A2A Hub routing flow

Natural language query
      │
      ▼
┌─────────────────────────────────────────────────────┐
│    classify_query()                                  │
│                                                     │
│  ⓪ VXLAN/EVPN × config change (no read verb)?     │
│     → "eapi_config" ──────────────────────────────▶ eAPI Config Agent :8006
│                                                     │
│     VXLAN/EVPN × read verb present?                │
│     → "read"   ───────────────────────────────────▶ eAPI Agent :8002
│                                                     │
│     BGP network / redistribute / advertise?         │
│     → "eapi_config" ──────────────────────────────▶ eAPI Config Agent :8006
│                                                     │
│  ① VERIFY_KEYWORDS match?                          │
│     → "verify"  ──────────────────────────────────▶ ANTA Agent   :8004
│                                                     │
│  ② SECURITY_REQUIRED match?                        │
│     → "security" ─────────────────────────────────▶ XDP Agent    :8003
│                                                     │
│  ③ READ_KEYWORDS only?                             │
│     → "read"   ────────────────────────────────────▶ eAPI Agent  :8002
│                                                     │
│  ④ WRITE_KEYWORDS only?                            │
│     → "write"  ────────────────────────────────────▶ NETCONF Agent :8001
│                                                     │
│  ④ read + write mixed? → "mixed"                  │
│     → execute read only + show warning bubble      │
│                                                     │
│  ⑤ Ambiguous → LLM fallback                       │
└─────────────────────────────────────────────────────┘

Note: Diagnose Agent (:8005) is called directly from the Web UI, bypassing the Hub.
Note: Verify tab (Before Snapshot / Post-Check) also calls ANTA Agent (:8004) directly from the Web UI, bypassing the Hub.

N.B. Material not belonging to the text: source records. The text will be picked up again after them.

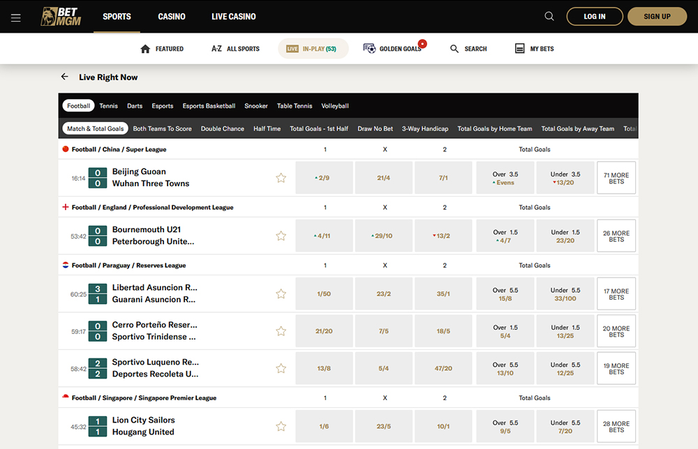 In our BetMGM Sports review, the simple layout guides newcomers from highlights to in-play to bet builders, while regulars can easily find their preferred betting markets and execute wagers quickly.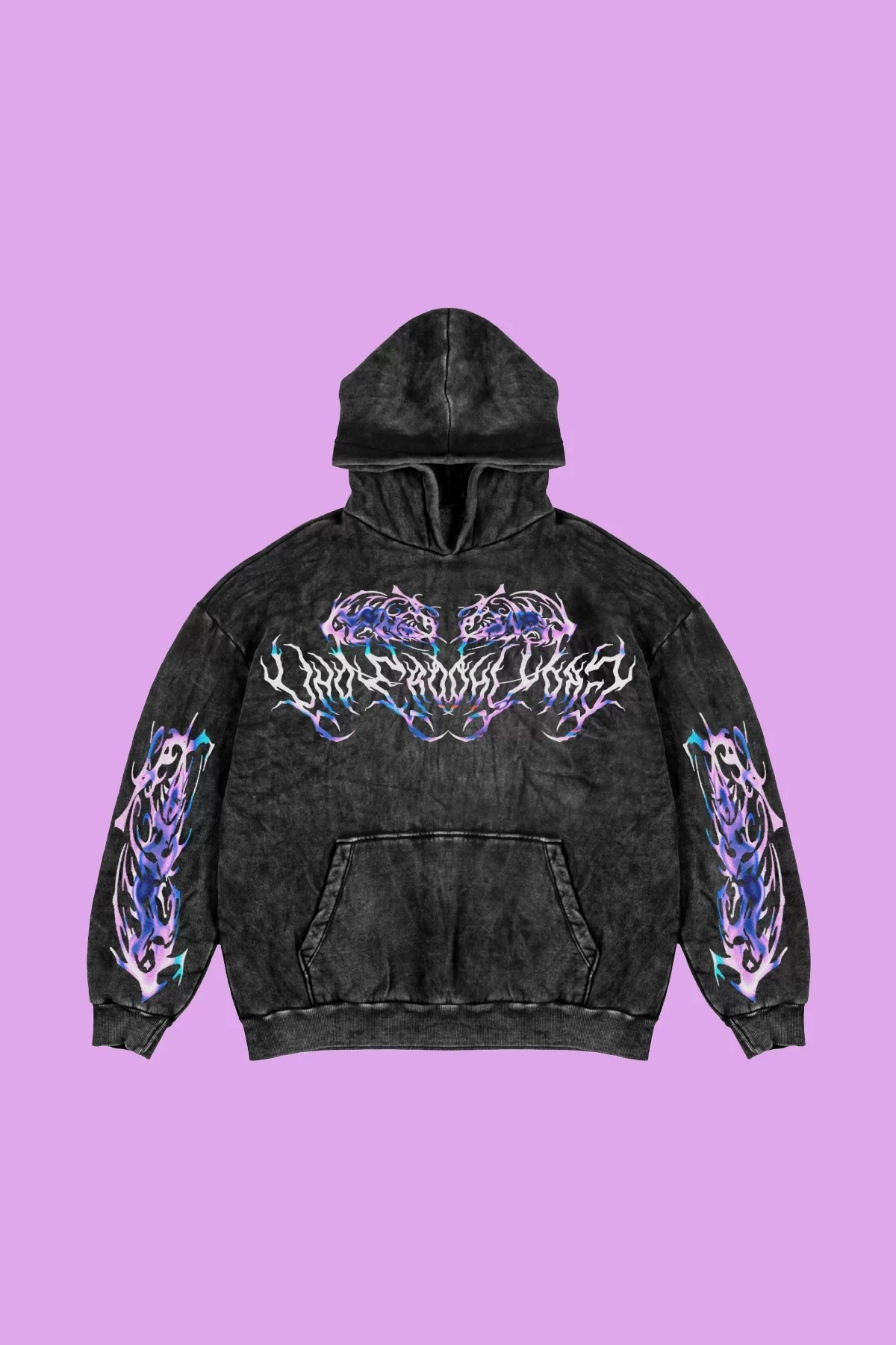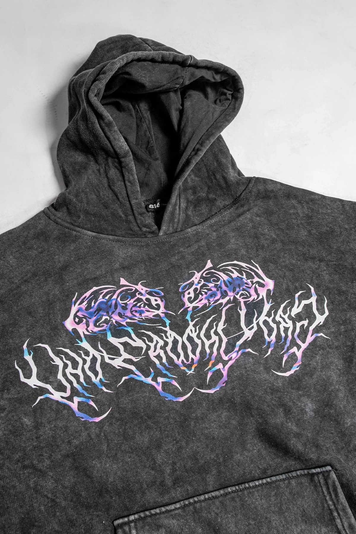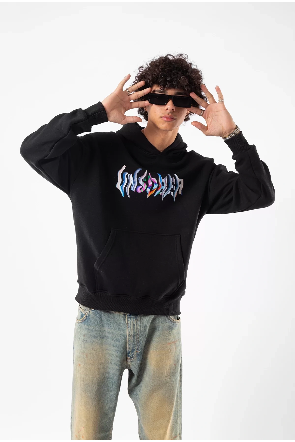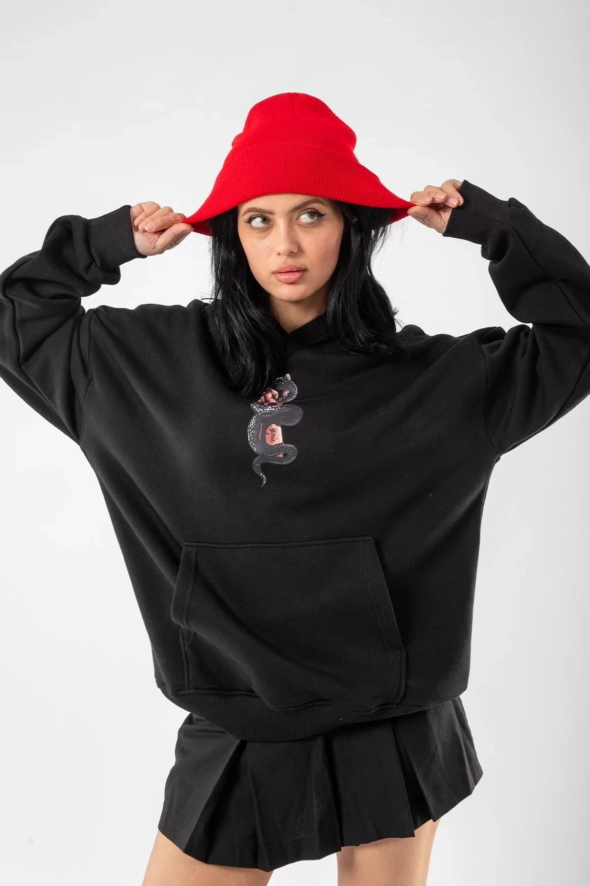 Unsober Baskılı Oversize Unisex Siyah Hoodie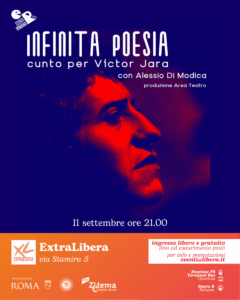 L’11 settembre 2025 ExtraLibera ospita lo spettacolo teatrale “Infinita Poesia. Cunto per Víctor Jara”, interpretato da Alessio Di Modica, produzione AreaTeatro.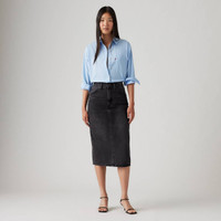 A vintage-inspired skirt, minus the hunt. Our High-Rise Back Slit Skirt features a waist-defining rise, a back slit and a flattering slim fit. - A vintage-inspired denim skirt - Cut with a slim fit - Features a back slit Style # 001VH0004 Color: Wandering Spirit - Black How it Fits - Mid rise: 29 1/2" - Leg opening: 36 5/8",Measurements based on size 27 waist Composition & Care - 95% Cotton, 5% Recycled Cotton - Denim - Non-stretch - Zip fly - 5-pocket styling - Recycled cotton - Wash your jeans once every 10 wears at most; this increases their lifespan and saves natural resources.Machine wash cold, Do not bleach, Tumble dry medium, Hot iron if needed, Dry cleaning possible, Wash inside out with like colors - Made in Pakistan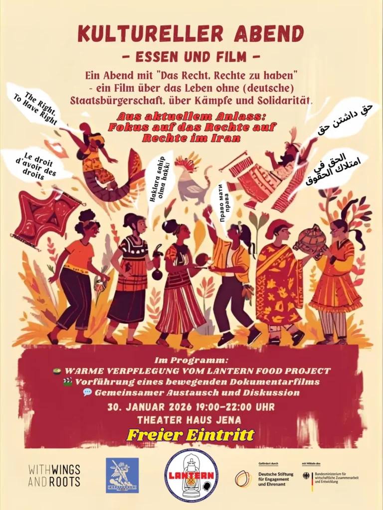 Vor dem Hintergrund der aktuellen Situation im Iran – massiver Menschenrechtsverletzungen, gewaltsamer Repression und der Tötung von Protestierenden – nutzen LANTERN und with Wings and Roots e.V. diese kulturelle Plattform bewusst, um eine Verbindung zwischen dem Thema des Films und der Menschenrechtslage im Iran herzustellen.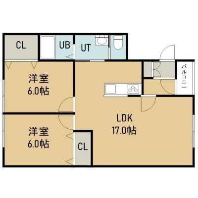 2LDK(61.88m²)└ 2階:LDK17帖 洋室6帖 洋室6帖

Only `verify` keyword queries from Chat go through the Hub.

File structure

File	Role
`app_a2a.py`	NiceGUI Web UI (frontend)
`task_decompose_a2a_server.py`	A2A Hub / LLM router (port:8000)
`arista_netconf_rag_a2a_server.py`	NETCONF Agent / RAG (port:8001)
`arista_eapi_show_a2a_server.py`	eAPI Agent / Diff engine (port:8002)
`xdp_a2a_server.py`	XDP Agent / Security control (port:8003)
`arista_anta_verify_a2a_server.py`	ANTA Agent / Post-verification (port:8004)
`diagnose_a2a_server.py`	Diagnose Agent / Fault diagnosis (port:8005)
`arista_eapi_config_a2a_server.py`	eAPI Config Agent / VXLAN/EVPN and BGP network/redistribute — NETCONF-unsupported areas (port:8006)
`snapshot_manager.py`	Snapshot manager (for Diagnose Agent)
`diff_engine.py`	Diff extraction engine (for Diagnose Agent)
`llm_factory.py`	Shared LLM factory (Groq Primary / Azure OpenAI Fallback)
`i18n.py`	Internationalization (Japanese / English)
`config.ini.example`	Configuration file sample
`.env.example`	Environment variable sample

Setup

Requirements

Python 3.11+
Arista cEOS (Containerlab recommended)
Azure VM / Azure Container Apps
Groq API key (or Azure OpenAI endpoint)

Install

git clone https://github.com/hidemi-k/a2a-ceos-core.git
cd a2a-ceos-core
pip install -r requirements.txt

Note See requirements.txt for pinned versions of a2a-sdk and agent-framework.

Configure

# Environment variables
cp .env.example .env
# Edit .env — set API keys, device IP, etc.

# Config file
cp config.ini.example config.ini
# Edit config.ini

Start

# Launch A2A agents (on Azure VM)
python task_decompose_a2a_server.py &       # A2A Hub        :8000
python arista_netconf_rag_a2a_server.py &   # NETCONF Agent  :8001
python arista_eapi_show_a2a_server.py &     # eAPI Agent     :8002
python xdp_a2a_server.py &                 # XDP Agent      :8003
python arista_anta_verify_a2a_server.py &   # ANTA Agent     :8004
python diagnose_a2a_server.py &             # Diagnose Agent :8005
python arista_eapi_config_a2a_server.py &   # eAPI Config    :8006

# Launch Web UI (on Azure Container Apps)
python app_a2a.py

Lab environment: Containerlab

Azure VM (172.20.100.0/24 — clab-mgmt)
│
├── ceos1  (Arista cEOS 4.36.0F)   172.20.100.31
│     ├── eth1 ─── 10.0.20.3/24 ──── linux1:eth1 (10.0.20.150)  FRRouting BGP peer
│     └── eth2 ─── 10.0.3.3/24  ──── kali1:eth2  (10.0.3.150)   Kali Linux (attacker)
│                                      ↑ Go IPS attaches XDP/eBPF to eth2 (-iface eth2)
│
├── linux1 (Alpine + FRRouting)     172.20.100.3
│     BGP AS 65002 — neighbor 10.0.20.3 (ceos1 AS 65001)
│
└── kali1  (custom Kali Linux)      172.20.100.150
      Used as the attack source for the XDP security demo

A single clab deploy command brings up all 3 nodes with eAPI (HTTPS/443), NETCONF (SSH/830), and gNMI (:6030 — Arista's default; IANA standard is 9339) fully operational on cEOS.

Why NETCONF/OpenConfig?

After comparing CLI, eAPI, pyeapi, NETCONF, and RESTCONF as the configuration interface, this project adopts NETCONF (OpenConfig).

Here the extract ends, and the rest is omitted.